The childhood home of former Prime Minister Dom Mintoff will remain standing, contrary to concerns that it formed part of a block of abandoned buildings in Cospicua about to be demolished.

However, residents in the area want to go a step further and have the house marked, perhaps by a plaque, to signal that an important politician in Malta's history once lived there.

"Irrespective of whether people agree with Mintoff's past ways or not, the fact remains that he was an important part in our history and his home should be safeguarded," Cospicua mayor Joseph Scerri said.

The topic was raised in Parliament on Monday when Labour MP Chris Agius urged the authorities to protect the house where Mr Mintoff, now 93, was born on August 6, 1916.

Mr Agius was worried the house would be pulled down as part of a slum clearance project in the area.

A visit to the town yesterday revealed that Mr Mintoff's former residence is in no danger. Mr Agius was glad to hear this, adding he agreed there should be some form of commemorative mark.

The clearance project is planned for a block of sealed-off and abandoned buildings enclosed by St Mark, Irish, Hanover and St Helen streets.

Mr Mintoff's childhood house is in a neighbouring block in Irish Street corner with St Mark Street. It is the block opposite the house that will be demolished.

Some residents, especially the older generation, knew where Mr Mintoff's former home was and agreed it should be highlighted. Younger neighbours had no clue Mr Mintoff had ever lived there.

Mr Mintoff did not always live in the house because his family had moved to another house, close to St Helen's Gate, that has since been demolished.

The Irish Street house has been divided into three separate units. One of them is inhabited by Silvia Abela, who said she had been living there since she was a child.

"My mother always lived in the area," Ms Abela said, explaining that her mother, Carmena Silvio, had passed away about 20 years ago.

"I remember her telling me that, when she was a child, she used to play with Mintoff. His mother used to shout at him to study but he used to want to keep playing. Then he did really well in exams," Ms Abela recalled.

When he grew up, Mr Mintoff become an architect and is in fact often referred to as Il-Perit (the architect).

After entering politics, he became the leader of the Labour Party from 1949 to 1984 and Prime Minister between 1955 and 1958 and again from 1971 to 1984.

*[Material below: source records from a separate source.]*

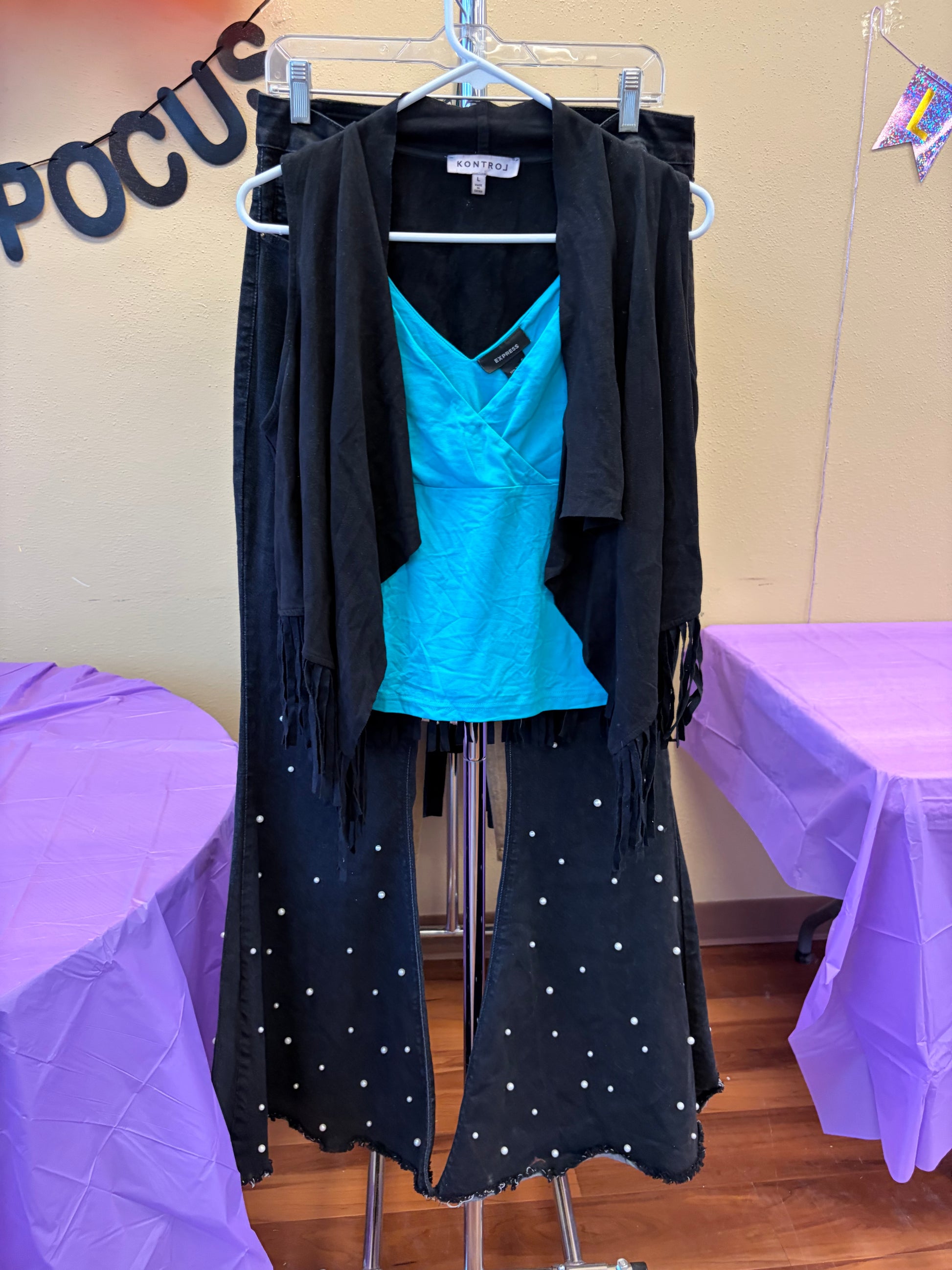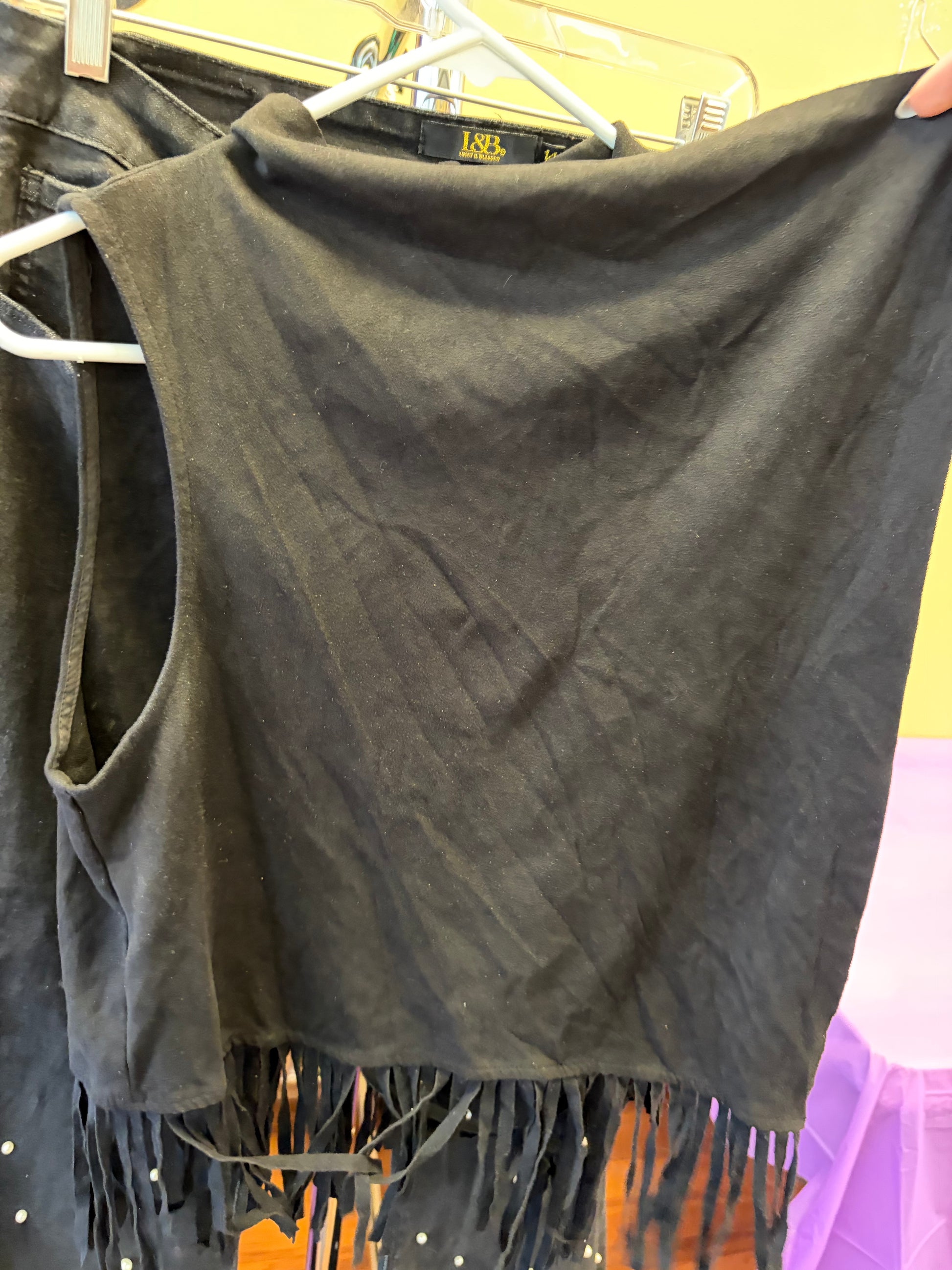 Black Fringe Vest - L
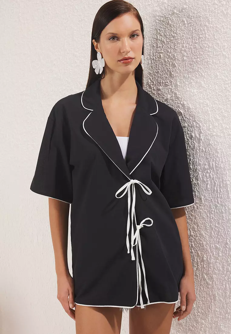 TrendyolBlack Woven Lacing Detailed 100% Cotton Beach Shirt Tbess25Go000252229.001409.90
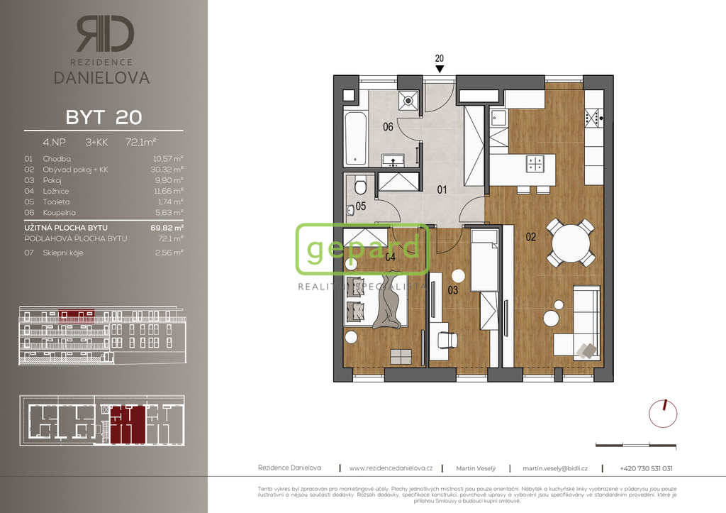 Podlahová plocha bytu činí 72,1 m2 + sklep o velikosti 2,56 m2. Zakázková kuchyňská linka s vestavnými spotřebiči a lednicí, koupelnové vybavení a světla jsou již součástí pronájmu. Byt je situován ve čtvrtém nadzemním podlaží objektu ze čtyřech podlaží a je přístupný bezbariérově, což zajišťuje pohodlné užívání pro všechny. Rozměry místností jsou následující:
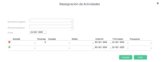 Es importante tener en cuenta que el modelo seleccionado debe tener la misma actividad a la cual se quiere reasignar, ya que por el contrario el sistema arrojará el siguiente mensaje impidiendo continuar con la operación:
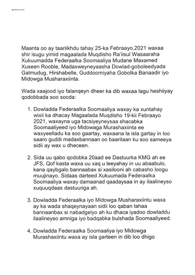 Khamiis, Feberaayo, 25, 2021 (HOL) - Warmurtiyeed ka kooban ilaa lix qodob ayaa ugu danbeyntii laga saaray shir saacado badan qaatay oo Hotel Decale ee magaalada Muqdisho uga soconayay Ra'iisal Wasaaraha Xukuumadda Soomaaliya Maxamed Xusseen Rooble iyo midowga Musharixiinta.
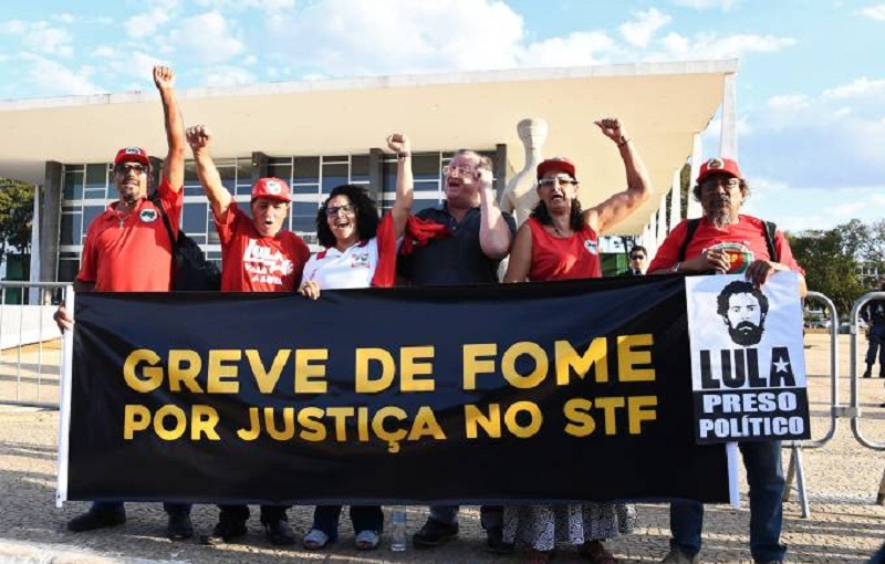 Um grupo de seis pessoas começou na tarde desta terça-feira, 31, uma greve de fome pela libertação do ex-presidente Luiz Inácio Lula da Silva, condenado em um processo da Operação Lava Jato e preso. O ato que marcou o início da greve durou 50 minutos e teve início às 16h, em frente ao Supremo Tribunal Federal (STF), onde, segundo o PT, os militantes protocolaram um manifesto anunciando a medida.

Labour returned to power in 1996 under the leadership of former leader Alfred Sant when Mr Mintoff was a backbencher. Disagreement between Mr Mintoff and Dr Sant escalated into the well-documented 1998 political crisis, which saw Labour lose a snap election called just 22 months after its landslide victory in 1996.

In 2008, Mr Mintoff was awarded the Al-Gaddafi International Prize for Human Rights.